Nanak Panth: Legacy and Living Tradition | Amardeep Singh 

Legacy is not religion — and Guru Nanak’s Panth stretches far beyond the boundaries of any single faith or geography. In this landmark talk at IIC, researcher and author Amardeep Singh presents the extraordinary civilisational scope of his decade-long project: retracing Guru Nanak’s journeys across nine countries, recording all 1,656 shabads of fifteen Indic saints in their original ragas, and building a multilingual documentary archive freely available at thegurunanak.com.
Amardeep challenges the reductive framing of Nanak as merely the “founder of Sikhism,” arguing instead that Guru Nanak was the great integrator of the Bhakti tradition — who documented saints from Kabir to Ravidas to Baba Farid, weaving the subcontinent’s spiritual diversity into a single living scripture. He traces how the concept of India as a political entity was forged in the land of the five rivers through the Guru Granth Sahib’s compilation, and how Maharaja Ranjit Singh’s empire — 80% of which now lies in Pakistan — was the direct fruit of Nanak’s civilisational impulse.

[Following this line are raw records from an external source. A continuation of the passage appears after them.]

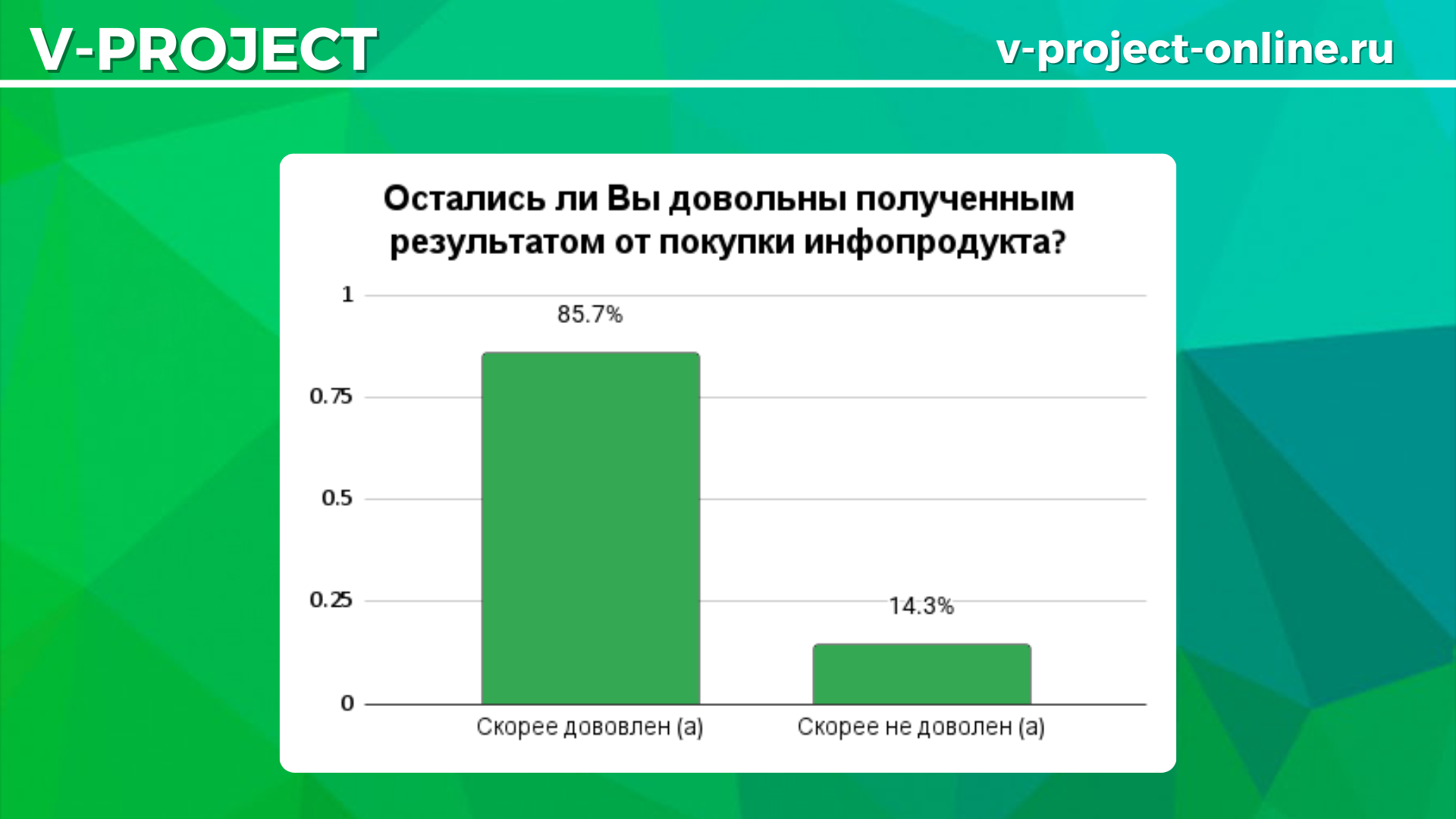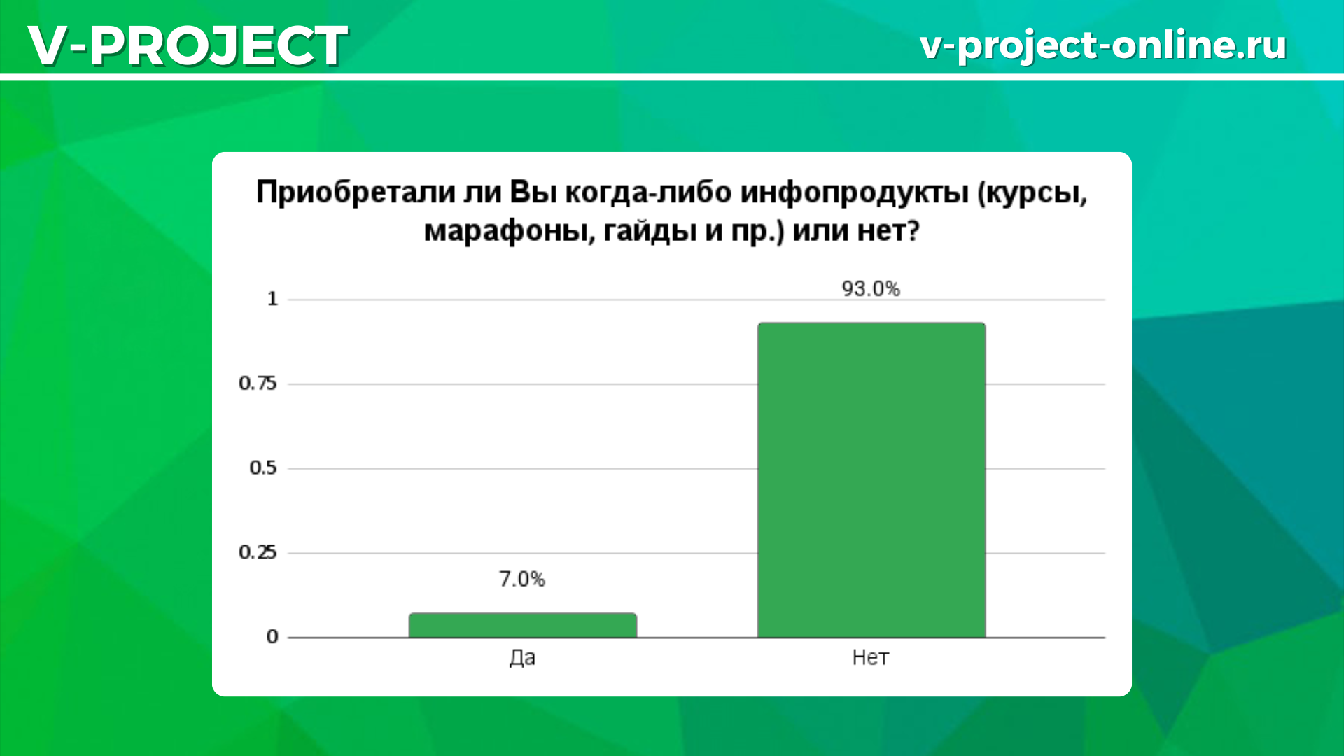 Из этого вытекает любопытная картина: проникновение рынка инфопродуктов пока невелико (покупали лишь 7% опрошенных), но среди тех, кто купил курс, подавляющее большинство (≈86%) оценивают результат скорее положительно. То есть у ранних/активных потребителей уровень удовлетворенности высокий, несмотря на общий настороженный настрой общества.
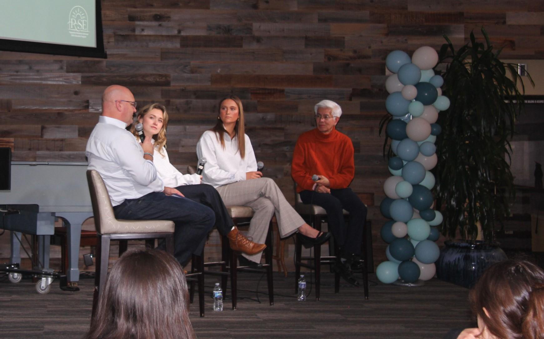 (From left to right) Arik Housley, alumna Lexington Russell (’25), junior JoJo Billings and Hung Le, vice chancellor for Alumni Affairs sit together for a panel discussion at the 2026 RISE Summit on Feb. 20. During the discussion, each panelist spoke about how grief is not linear and looks different for everyone.
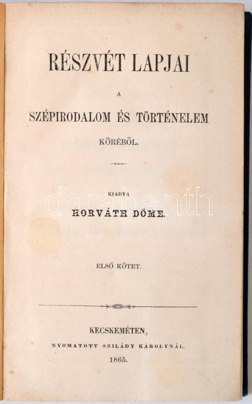 Horváth Béla: Részvét lapjai a szépirodalom és történelem köréből. Kiadta Horváth Döme. Kecskemét, 1865, Szilády Károly. Szecessziós kiadói egészvászon kötésben.
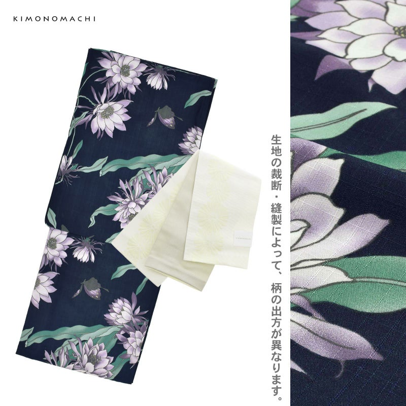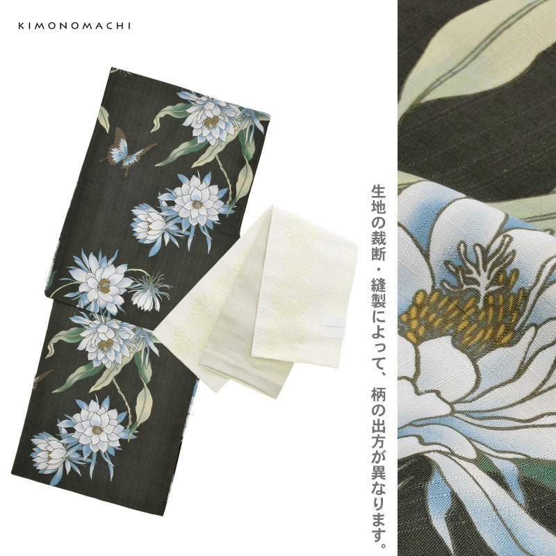 浴衣:濃紺の地にチャコールの線で描かれた月下美人の花とアゲハ蝶。ややグレイッシュな深い紫に白の花、青緑色と青磁色の葉が上品で艶やかな魅力を放ちます。蝶はチャコールに淡い紫、浅い黄色の挿し色。
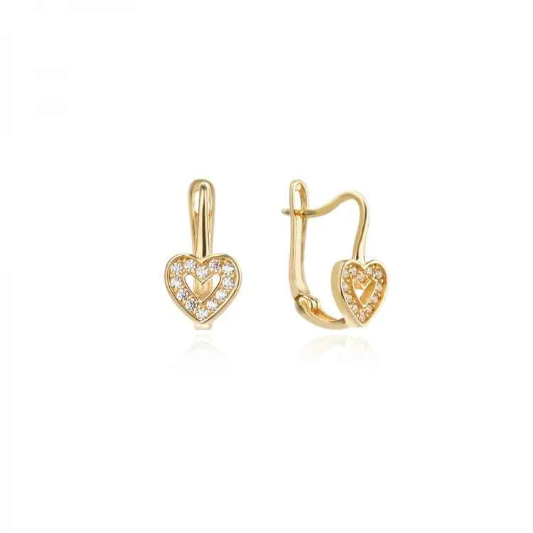 Детски златни обеци със сърца и циркони – изящен подарък за първите специални моменти.
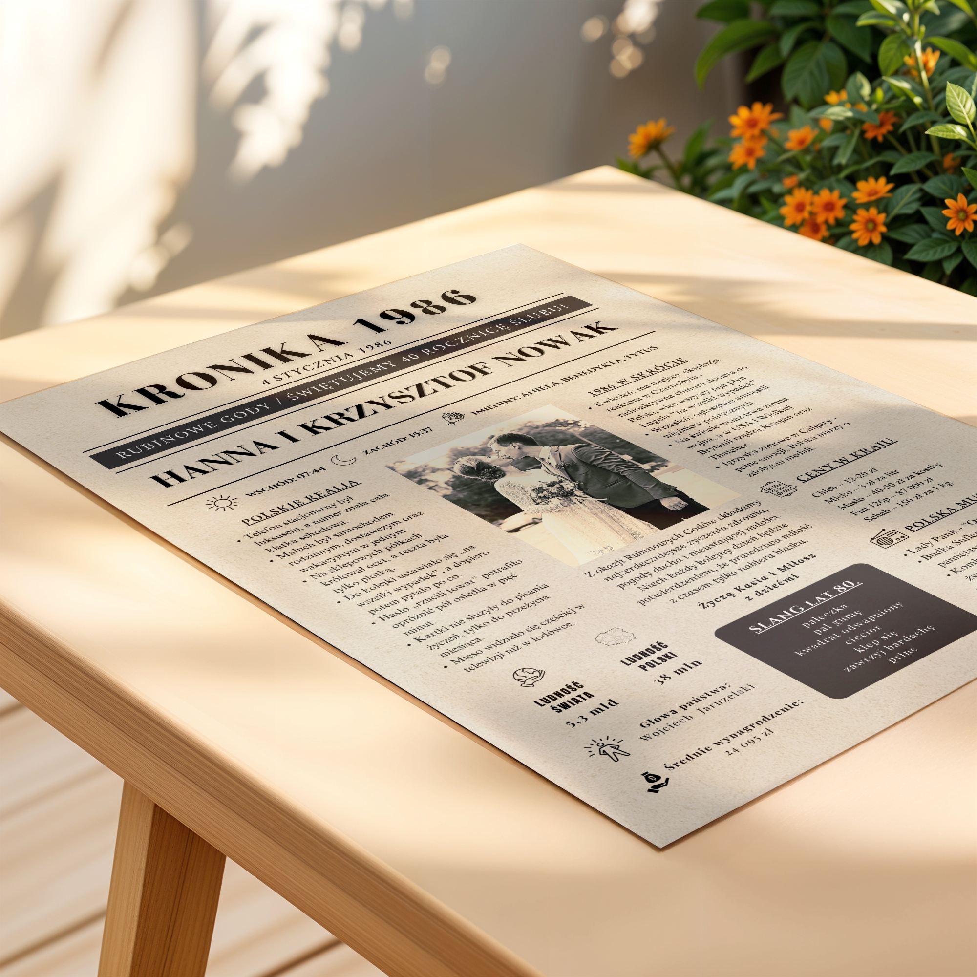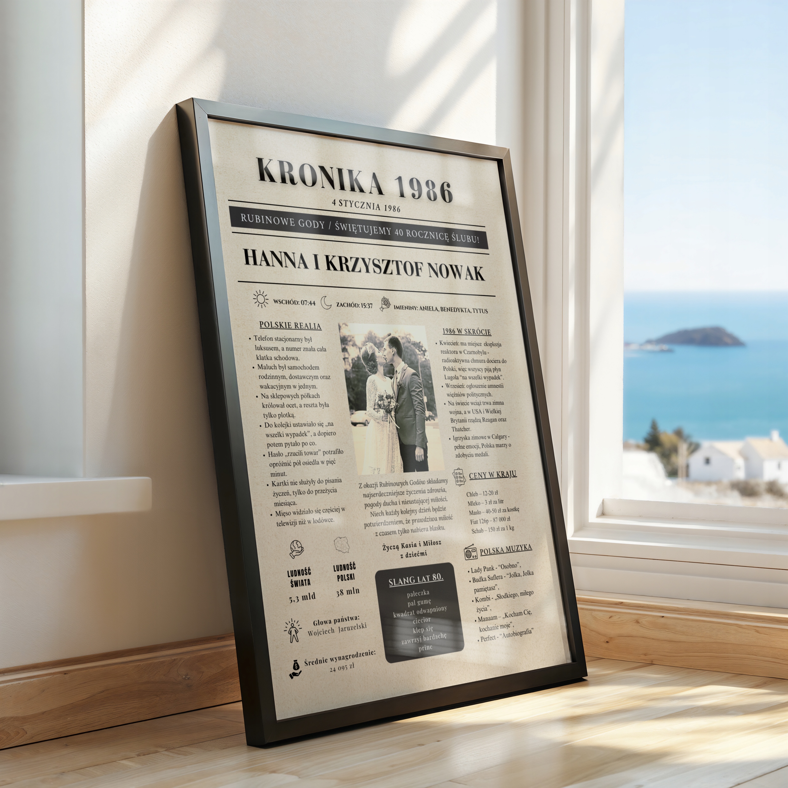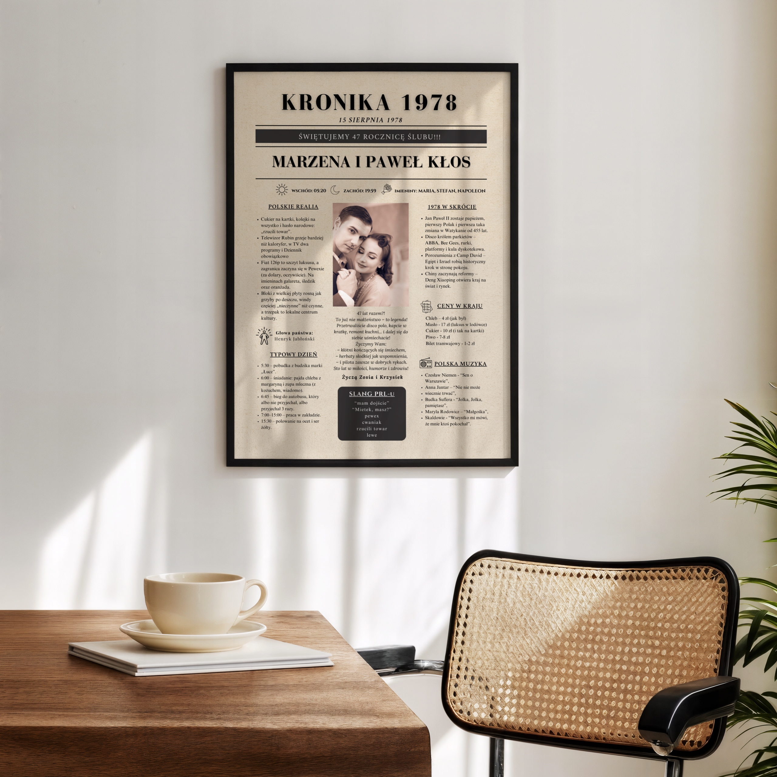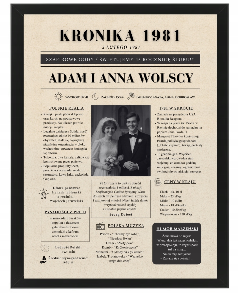 ✨ персоналізований плакат у ретро-атмосфері, у сепії. мелодії, що містять цікаві факти та події з року одруження (польська реалія, рік коротко, звичайний день, ціни в країні, середня зарплата, глава держави, музичні хіти, побажання, сленг ПНР та багато іншого!

The talk closes on a sobering note: Partition didn’t just redraw borders — it severed the Nanak Panth’s cultural heartland, displacing its living traditions of music, scholarship, and memory.

About the Speaker:
Amardeep Singh is an independent researcher, author, filmmaker, and former corporate executive. His work focuses on documenting the historical legacy of Guru Nanak, Nanak Panth, and the cultural traditions associated with them across the Indian subcontinent. Through his documentaries, books, and field research, he offers fresh perspectives on the civilizational dimensions of Guru Nanak’s legacy.